■ **What is needed**:
Exclude the pictures, then restate exactly each line of the data below from the first through the line containing "Organisateur de bureau".

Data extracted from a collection
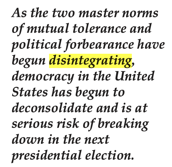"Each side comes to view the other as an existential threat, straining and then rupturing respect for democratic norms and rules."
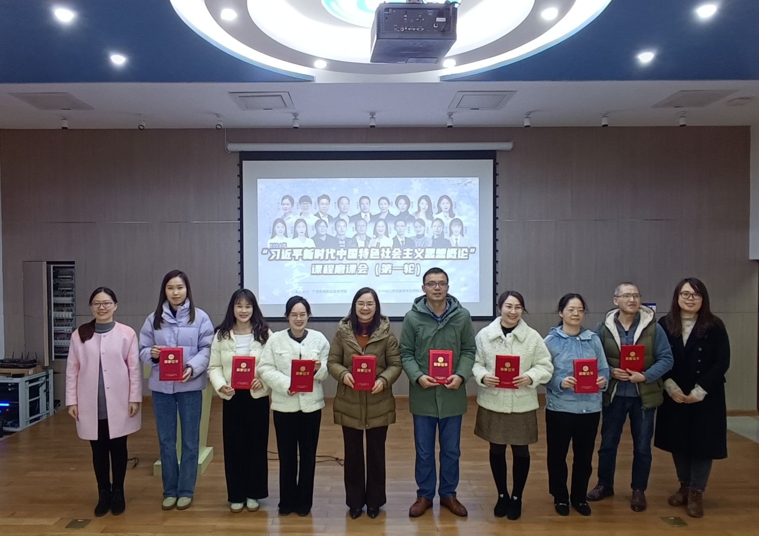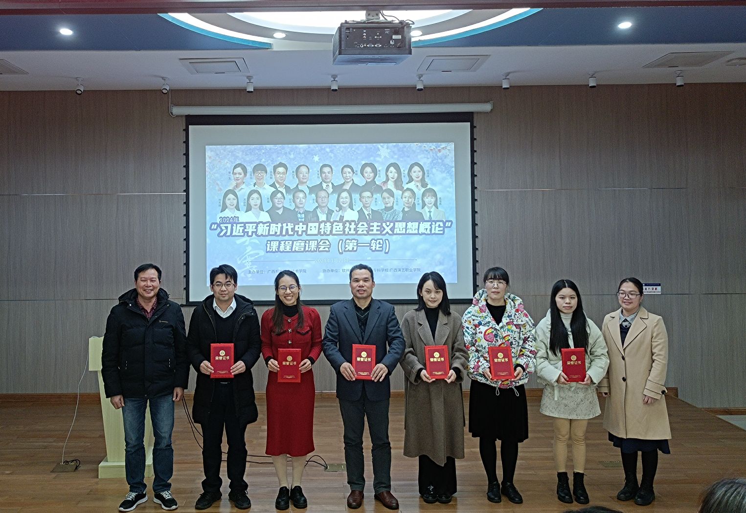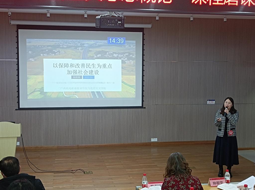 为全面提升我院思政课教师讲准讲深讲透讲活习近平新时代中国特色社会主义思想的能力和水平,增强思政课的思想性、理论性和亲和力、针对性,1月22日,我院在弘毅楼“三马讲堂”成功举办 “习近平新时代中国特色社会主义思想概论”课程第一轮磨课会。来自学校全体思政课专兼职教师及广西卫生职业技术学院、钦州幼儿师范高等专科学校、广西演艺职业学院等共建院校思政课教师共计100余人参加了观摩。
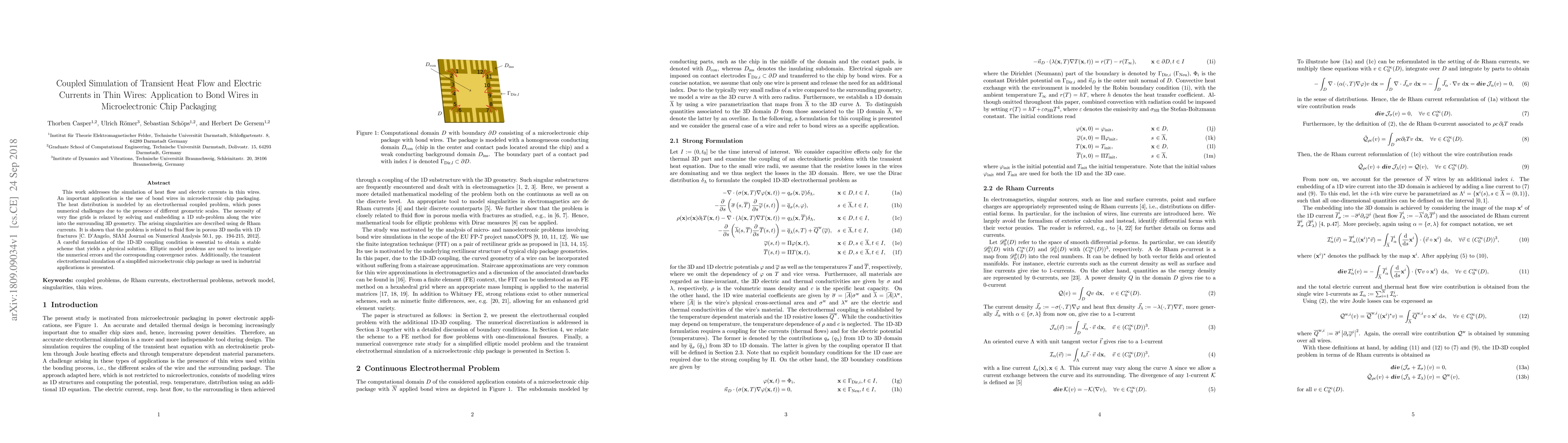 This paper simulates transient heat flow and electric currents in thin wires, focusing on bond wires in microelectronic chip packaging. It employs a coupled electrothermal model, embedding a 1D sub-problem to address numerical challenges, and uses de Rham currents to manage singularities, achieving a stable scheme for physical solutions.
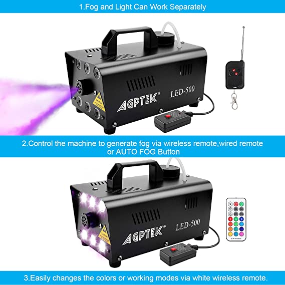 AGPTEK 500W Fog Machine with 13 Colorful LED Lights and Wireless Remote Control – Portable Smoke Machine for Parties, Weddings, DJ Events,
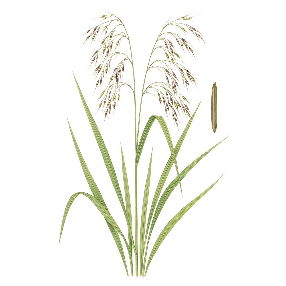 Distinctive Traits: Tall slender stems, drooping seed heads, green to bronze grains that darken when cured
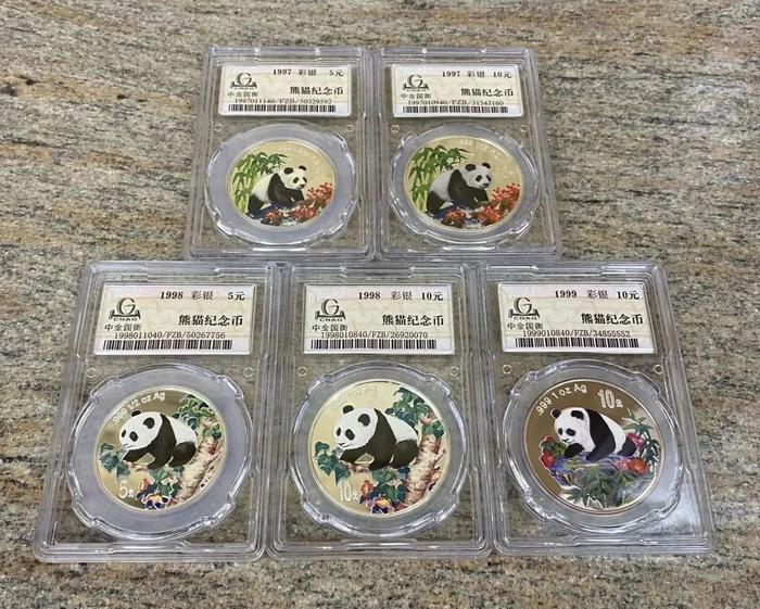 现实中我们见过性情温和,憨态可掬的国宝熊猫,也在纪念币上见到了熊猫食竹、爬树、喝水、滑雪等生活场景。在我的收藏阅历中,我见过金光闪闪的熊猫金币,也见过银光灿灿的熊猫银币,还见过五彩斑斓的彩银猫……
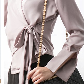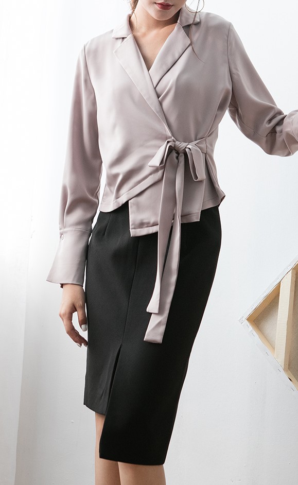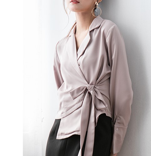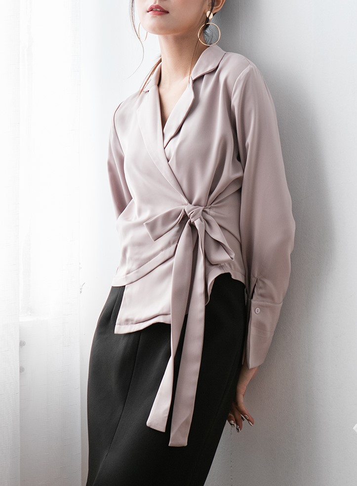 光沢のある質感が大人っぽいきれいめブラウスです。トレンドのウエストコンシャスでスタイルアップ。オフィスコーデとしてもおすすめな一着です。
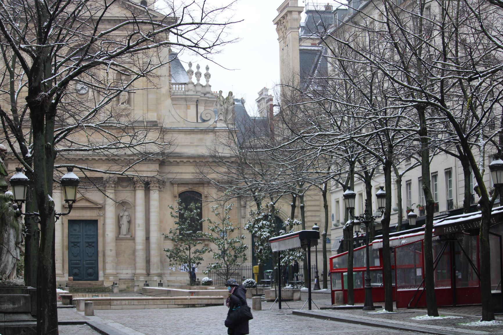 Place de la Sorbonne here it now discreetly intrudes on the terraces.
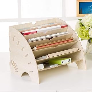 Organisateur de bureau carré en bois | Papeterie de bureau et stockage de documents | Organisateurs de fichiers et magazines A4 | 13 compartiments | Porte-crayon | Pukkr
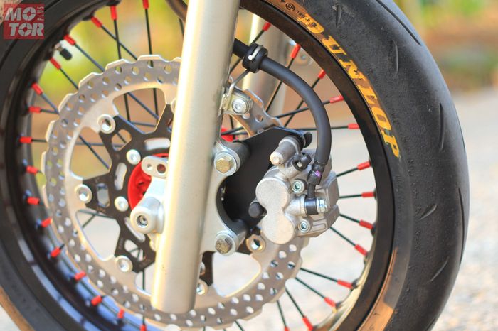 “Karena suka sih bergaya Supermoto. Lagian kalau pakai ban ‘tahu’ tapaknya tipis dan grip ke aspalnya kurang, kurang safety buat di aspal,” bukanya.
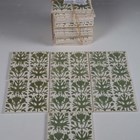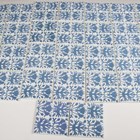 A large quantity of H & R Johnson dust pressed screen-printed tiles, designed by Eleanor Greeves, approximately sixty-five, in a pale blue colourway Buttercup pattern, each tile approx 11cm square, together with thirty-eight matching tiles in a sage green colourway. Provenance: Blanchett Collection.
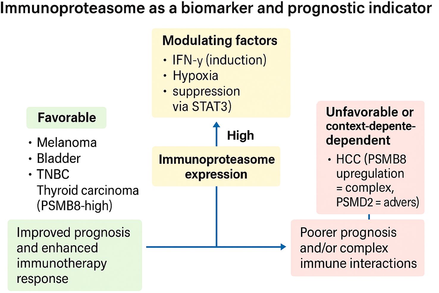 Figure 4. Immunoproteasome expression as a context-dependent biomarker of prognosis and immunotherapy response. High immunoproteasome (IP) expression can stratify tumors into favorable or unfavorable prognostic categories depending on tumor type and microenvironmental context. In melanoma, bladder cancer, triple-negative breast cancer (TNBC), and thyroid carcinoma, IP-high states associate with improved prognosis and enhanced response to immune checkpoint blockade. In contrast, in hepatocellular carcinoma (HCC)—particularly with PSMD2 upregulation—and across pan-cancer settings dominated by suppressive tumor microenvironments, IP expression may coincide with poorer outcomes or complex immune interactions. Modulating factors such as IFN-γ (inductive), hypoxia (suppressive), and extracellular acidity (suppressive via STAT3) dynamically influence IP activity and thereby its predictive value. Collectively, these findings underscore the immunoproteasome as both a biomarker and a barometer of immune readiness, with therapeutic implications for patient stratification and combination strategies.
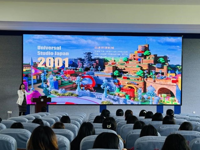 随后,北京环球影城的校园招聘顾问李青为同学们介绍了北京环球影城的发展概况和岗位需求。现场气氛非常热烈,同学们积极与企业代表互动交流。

■ **Exercise output**:
"Each side comes to view the other as an existential threat, straining and then rupturing respect for democratic norms and rules."
 为全面提升我院思政课教师讲准讲深讲透讲活习近平新时代中国特色社会主义思想的能力和水平,增强思政课的思想性、理论性和亲和力、针对性,1月22日,我院在弘毅楼“三马讲堂”成功举办 “习近平新时代中国特色社会主义思想概论”课程第一轮磨课会。来自学校全体思政课专兼职教师及广西卫生职业技术学院、钦州幼儿师范高等专科学校、广西演艺职业学院等共建院校思政课教师共计100余人参加了观摩。
 This paper simulates transient heat flow and electric currents in thin wires, focusing on bond wires in microelectronic chip packaging. It employs a coupled electrothermal model, embedding a 1D sub-problem to address numerical challenges, and uses de Rham currents to manage singularities, achieving a stable scheme for physical solutions.
 AGPTEK 500W Fog Machine with 13 Colorful LED Lights and Wireless Remote Control – Portable Smoke Machine for Parties, Weddings, DJ Events,
 Distinctive Traits: Tall slender stems, drooping seed heads, green to bronze grains that darken when cured
 现实中我们见过性情温和,憨态可掬的国宝熊猫,也在纪念币上见到了熊猫食竹、爬树、喝水、滑雪等生活场景。在我的收藏阅历中,我见过金光闪闪的熊猫金币,也见过银光灿灿的熊猫银币,还见过五彩斑斓的彩银猫……
 光沢のある質感が大人っぽいきれいめブラウスです。トレンドのウエストコンシャスでスタイルアップ。オフィスコーデとしてもおすすめな一着です。
 Place de la Sorbonne here it now discreetly intrudes on the terraces.
 Organisateur de bureau carré en bois | Papeterie de bureau et stockage de documents | Organisateurs de fichiers et magazines A4 | 13 compartiments | Porte-crayon | Pukkr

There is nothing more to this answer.